Bob Crowder, the doyenne of New Zealand organics, also showed that fresh organic matter was essential for high earthworm populations. He conducted a long-term organic experiment in an apple orchard comparing compost with fresh cut green grass as fertiliser, they had the same nutrient content and he found vast numbers of worms under the fresh grass treatments and very few under the compost. This clearly shows that fresh organic matter promoted high earthworm populations compared with the compost treatment while having the same yields. Now, had that grass been composted it would of lost a load of energy, nitrogen, carbon and other nutrients which would of resulted in lower yields and lower earthworms all for the time, expense and energy consumed making the compost.
But wait, it gets worse. Not only are we robbing the soil of massive amounts of energy when we compost, we are also stealing its nutrients. Making compost reduces the volume and weight of the material composted, even taking into account the varying moisture content. How is this? All that heat is caused by the compost organisms respiring (breathing) like crazy. A key feature of respiration is that carbon is combined with oxygen to produce carbon dioxide. So the ‘solid’ carbon in the compost heap literally floats away as gas. Why is that a problem? Well carbon is a key ingredient of soil organic matter, so we are losing a great big wad of super valuable soil organic matter, literally as hot air. As a principle aim of effective nutrient management in organics is efficient recycling of nutrients on the farm this is not good news. Now it’s true that the same will eventually happen in the soil and the organisms there respire the carbon to gas, however, its much colder and therefore slower, so there is potential for the carbon to be retained in the soil over longer periods.
But wait, it gets worse still. Nitrogen is also lost during the composting process, especially if the carbon:nitrogen ratio is below 20:1 as there is too much nitrogen to be ‘mopped up’ by the carbon so it floats away as ammonia. One study found nitrogen losses of around 50% when composting material with a ratio of 20 to 25 which is pretty common. Even for higher ratios there is still an appreciable loss of nitrogen just due to the heat of the pile vaporising volatile ammonia as it is produced by the decomposition process. Losing some carbon could be considered careless but losing significant amounts of hard won nitrogen in an organic system is inexcusable.

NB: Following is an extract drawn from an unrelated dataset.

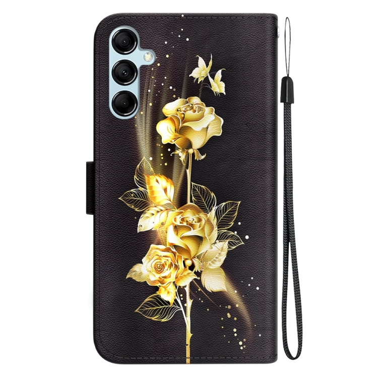 Funda de Cuero Samsung Galaxy A15 Dibujo Coloreado Textura de Cristal (Mariposa Dorada Rosa)

On top of all of this is the extra hassle of making compost. You have to turn it, cover it, make sure no leachate gets into the soil or water, and store it. At home, this is not much of a problem, but on farms it means higher labour, building and machinery, costs most of which also consume fossil fuel. So composting, makes for a less healthy soil, increases the losses of carbon and nitrogen from the farm nutrient cycle, increases production costs and burns fossil fuel. How many strikes before you’re out?
Now, to clear up potential misconceptions, I’m not saying that no compost is better than compost. Adding compost to soil is always better than not adding compost, but it would be far better added as fresh rather than composted material. There are also a lot of times where composting is required, for example, if there are lots of weed seeds present, or food scraps, especially animal products which would give rise to a health and safety issue (although it would still be better for the soil). Sometimes it’s just not practical to put material straight on the fields, e.g., it’s too wet. But I strongly argue that for the rest of the time composting is a bad idea and the organic matter should be put on fresh. The worst scenario is the gathering of post harvest crop residue from the field surface, composting it and then returning it to the field. This practice is so bad for the soil and wider environment it should be explicitly banned from organic systems.

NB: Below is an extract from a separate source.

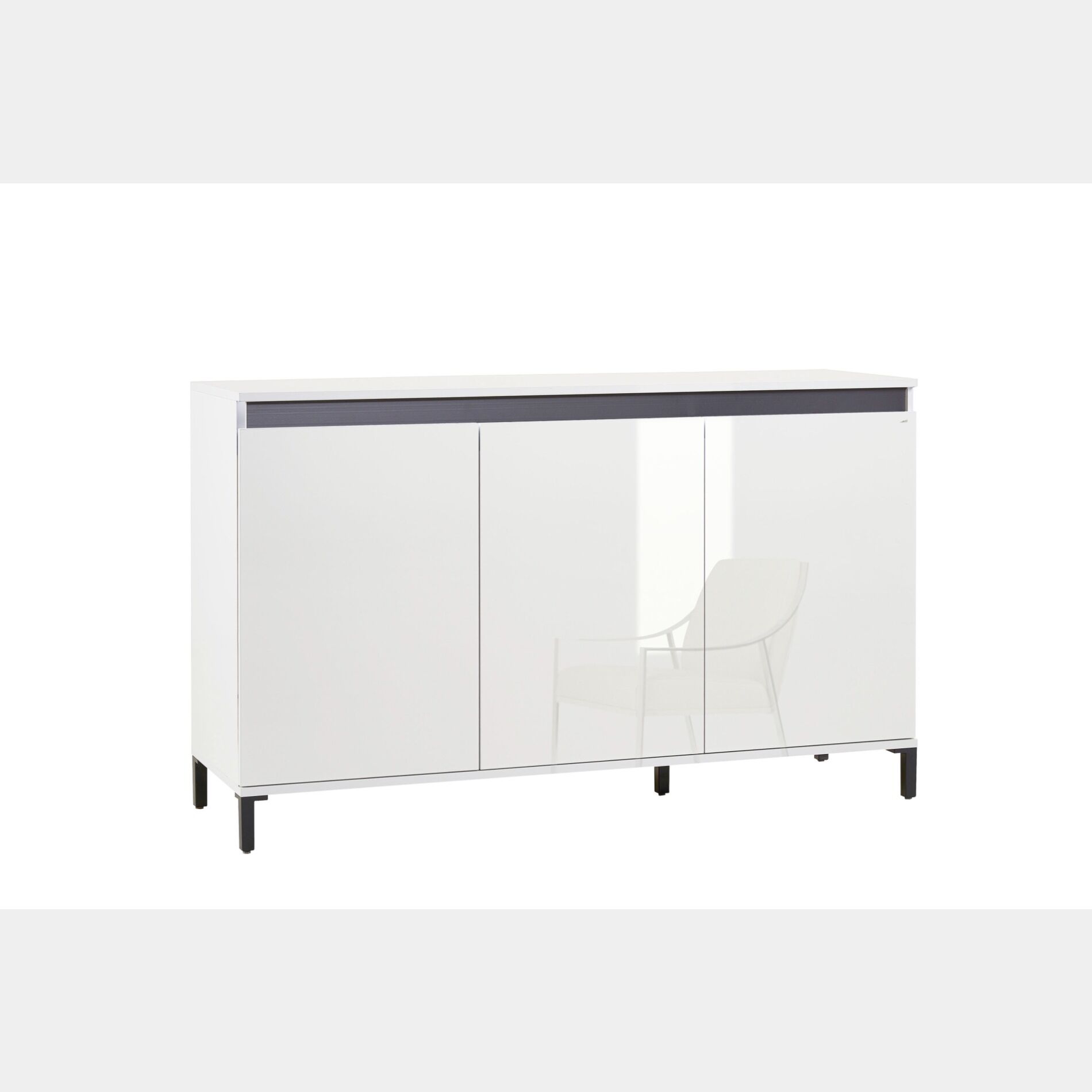 Madia a 3 ante, colore Bianco lucido e Ardesia

So next time you’re clearing the FYM from the sheds in spring, don't spend all summer composting it, stick it straight out on the fields to give them some food just when they need it. If you mowing the lawns at home, don't put the clippings on the compost. Either leave them on the lawn to feed it, or sprinkle them on your vegetable plot to feed it instead. That way you will have more soil organisms, greater recycling of soil nutrients and better soil structure all for less work. As Bob Crowder so rightly pointed out, its time to kill the sacred organic cow of composting.
Baker, C. J. & Saxton, K. E. (Eds.). (2007). No-tillage Seeding in Conservation Agriculture, 2nd Edition. Wallingford, UK: Food and Agriculture Organization of the United Nations.